We all have our standards for grocery shopping… that list of do’s and don’ts for what we choose. Maybe it’s a choice of organic produce and/or ingredients. Maybe it’s a matter of avoiding certain contents, like artificial ingredients. Maybe it’s just looking for the overall healthiest choices.
But above and beyond the food we select, there are many ways we can make our grocery store trip “greener”. Consider these 10 simple ways:
- Buy the most minimal packaging. Consider things like fresh breads. They often come in paper bags that can be recycled – a far better choice than plastic wrappers (sometimes double-wrappers!) of mass-produced bread. This holds true for many products. Select those with minimal or the most recyclable packaging.
- Buy a chunk or a brick of sliced cheese over the individually-wrapped version. A package of 24-slices will include 24 sheets of plastic otherwise.
- Buy the big can instead of multiple smaller cans – less packaging and less to recycle. If it’s more than you need, put a reusable container to work and store it in your freezer until you do need it!
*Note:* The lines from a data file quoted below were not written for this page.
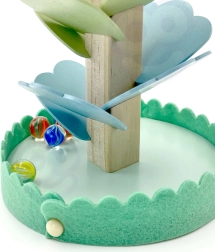 Svaki pad kuglice na šareni “list” stvara nježan zvuk koji podsjeća na cimbal. Djeca tako povezuju vizualne podražaje s glazbenima i razvijaju osjetilnu percepciju.
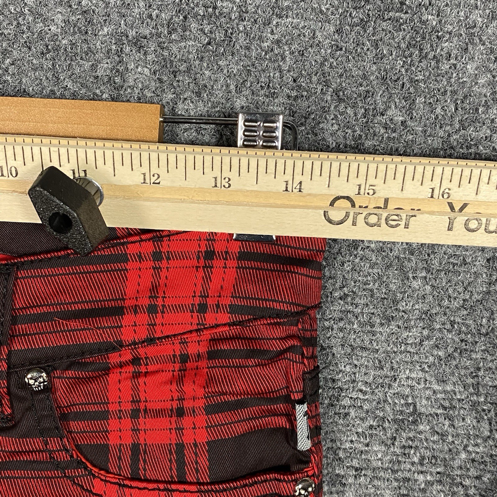 как выглядит Tripp NYC Womens Plaid Pants Size 3 29x32 inseam Red Black Punk Stretch Cotton фото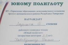 Воспитанница старшей группы нашего детского сада Хабибуллина Ралия стала лауреатом III степени районного конкурса чтецов "Юный полиглот". Поздравляем ее руководителя - воспитателя Гайнуллину Г.Ф. , желаем дальнейших успехов.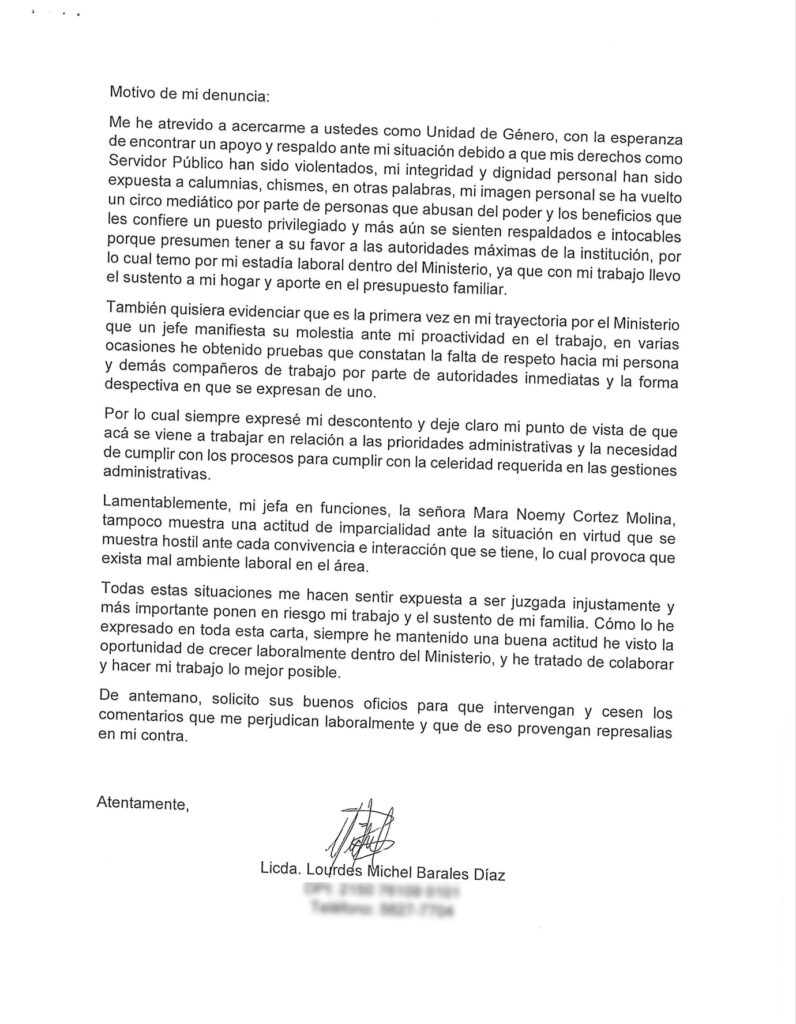 Barrales expresa que todas estas situaciones la hacen sentir expuesta a ser juzgada injustamente y más importante ponen en riesgo su trabajo y el sustento de su familia. Por lo que solicita a La Unidad de Género del Ministerio de Cultura y Deportes, una estricta investigación y le garanticen sus derechos como mujer y madre, tomando en cuenta que esta unidad fue creada para promover la igualdad de género, la equidad y la no discriminación en el ámbito cultural y deportivo de esta institución.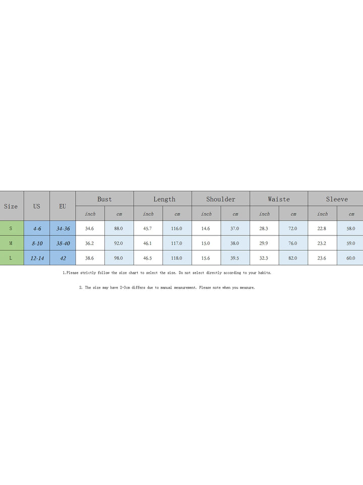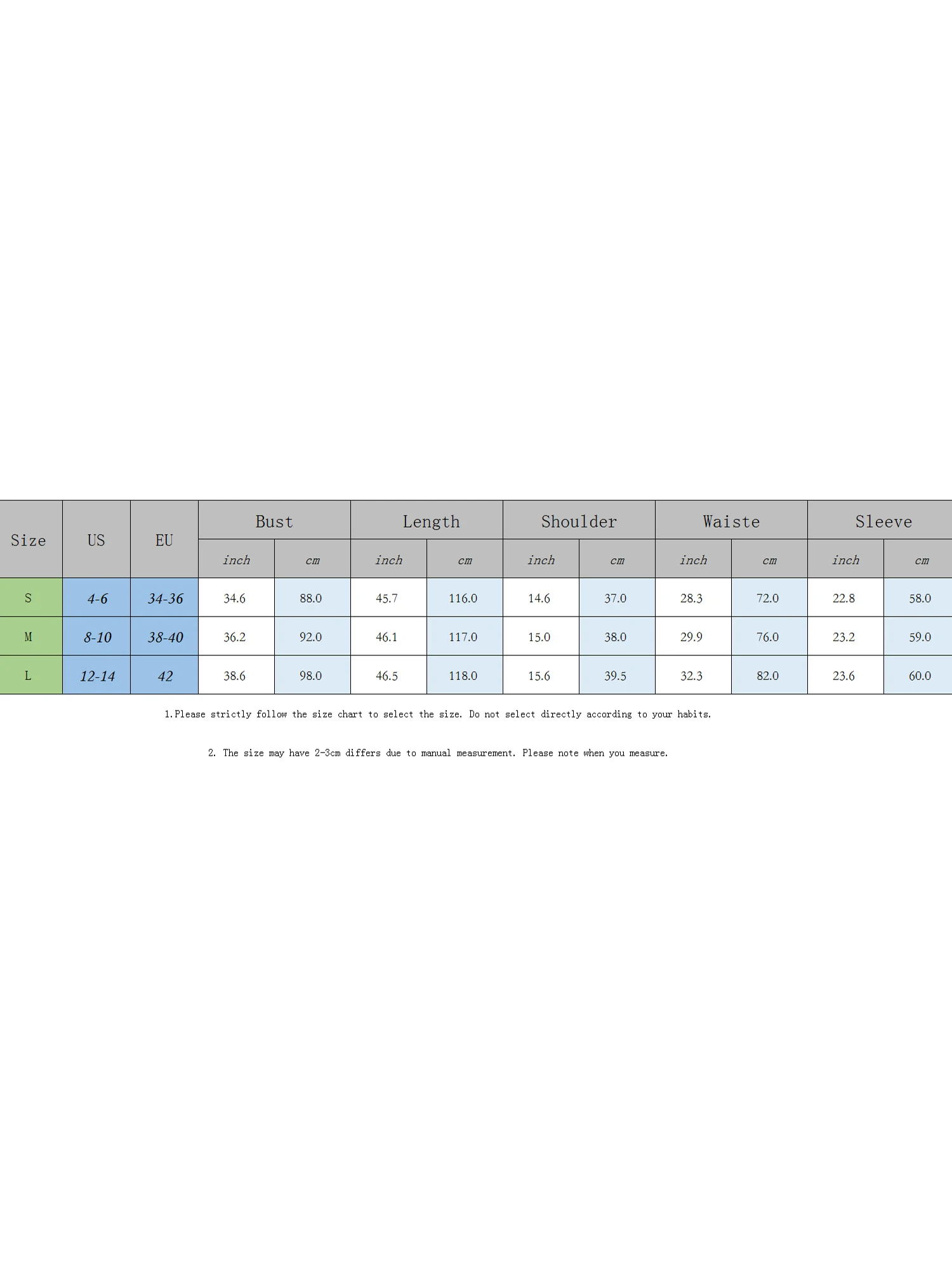 L Length: 46.46 Bust: 38.58 Sleeve: 23.62 Shoulder: 15.55 Waist: 32.28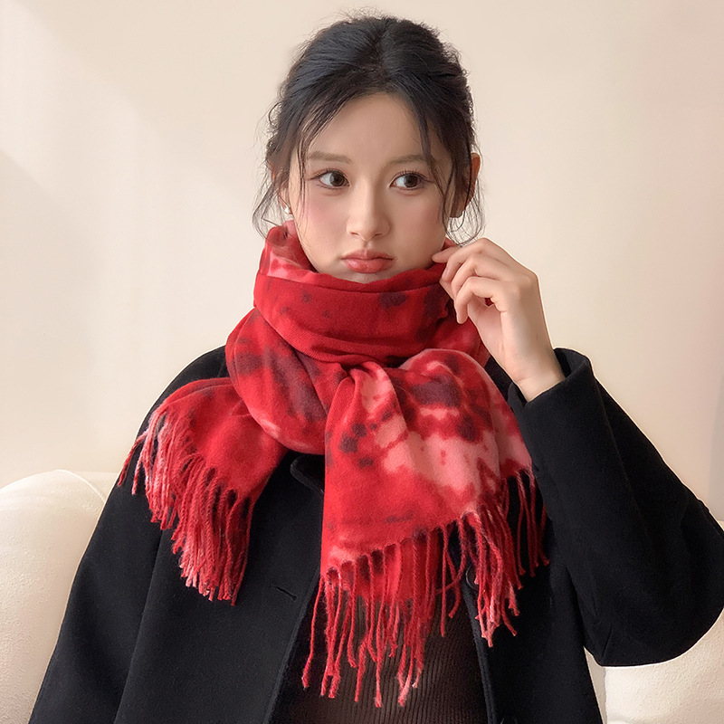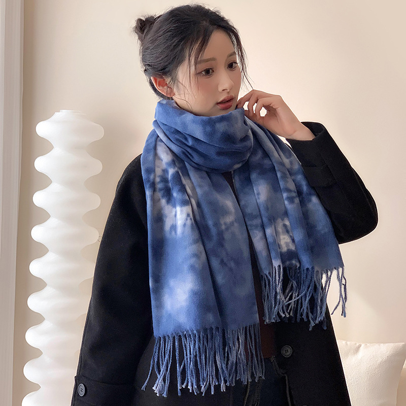 Retro Tie-dye Printing Super Soft Artificial Cashmere Scarf

- Buy local, every time you can! Did you know that produce in the US travels between 1,500 to 2,500 miles before it even reaches your grocery store? … lots of emissions are created to make that happen!
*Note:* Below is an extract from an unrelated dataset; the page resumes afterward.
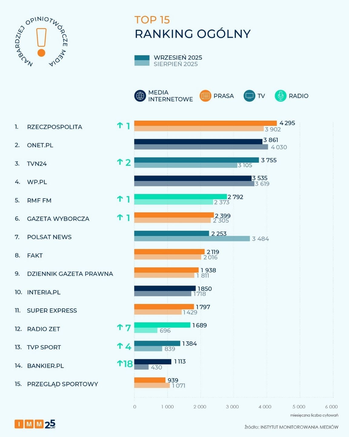 Podium zamknęła stacja TVN24 z niemal 3,8 tysiąca odniesieniami. Telewizja zawdzięcza wysoką pozycję rozmowom z kluczowymi politykami. W przypadku tytułów prasowych za „Rzeczpospolitą” uplasowały się „Gazeta Wyborcza” z 2,4 tysiąca cytowań oraz „Fakt” z ponad 2,1 tysiąca odniesień. Ten ostatni opublikował głośny wywiad z prezydentem Karolem Nawrockim dotyczący kontrowersyjnych wypowiedzi ukraińskiego przywódcy.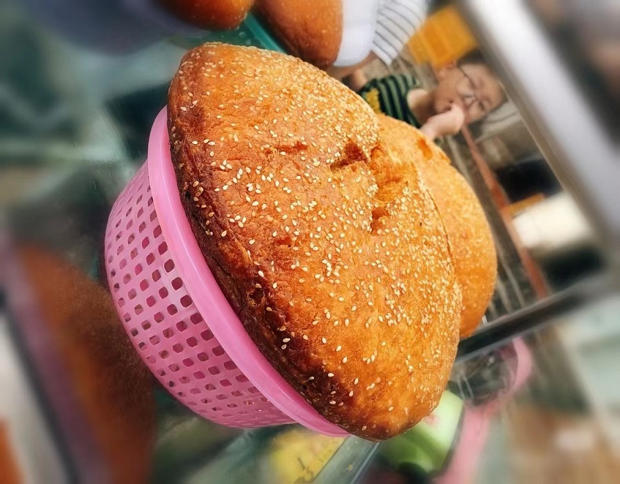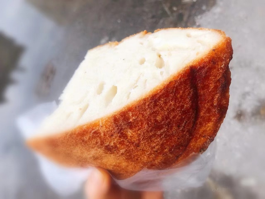 它的做法看似簡單,其實非常考量主婦的功底。面粉加入老酵,放在暖和的地方讓其自然發酵至漲滿容器。自家的土灶保持最小的火星,鍋內刷上薄薄一層油,倒入面糊。面團在鍋中慢慢膨脹,待一年微微發硬,變焦黃色,撒上一層薄薄的芝麻,刷上一層油,翻面繼續小火慢焗。看似簡單,其實沒有幾年做飯功底,還真不一定能成功。一個成功的漲燒餅,外脆里軟,內里一個個孔洞,松軟有彈性。我比較喜歡吃外皮,香脆,可口,老年人多愛吃內里,有種老酵的清香,微甜。它真的是一款老少皆宜的美味了。

- Choose fresh over frozen or canned. They use a lot less energy… from the energy used to process and manufacture them, to the energy needed for storage… choose fresh!
- Choose sustainable wild fish over farm-raised – they actually contain less metals and create less contaminates since the concentration of farm-raised fish creates high levels of contaminating waste that will eventually reach our water sources.
- Buy a gallon of milk or juices versus multiple 2-quarts, and buy in boxes versus individual packages. This often means one recyclable container versus two non-recyclable cartons, and one recyclable box over a dozen plastic wrappers. It’s obvious and fairly easy to break down single-servings into reusable containers.
- Embrace the soybean! They’re a fabulous source of protein and cost a lot less than cattle farming! If you replaced one beef meal per month with a soybean product, it would save TWENTY THOUSAND GALLONS of water per year!
- Shop the counter. Buy meats at a counter where you can select the exact amount you need. Prepackaging ends up in excessive waste and often the needless disposal of foods when you “have too much”.
- No paper, no plastic, no arguments! Reusable bags are the only option.
It’s Friday. Now get to shopping… but just remember to think “green-ER” before you buy!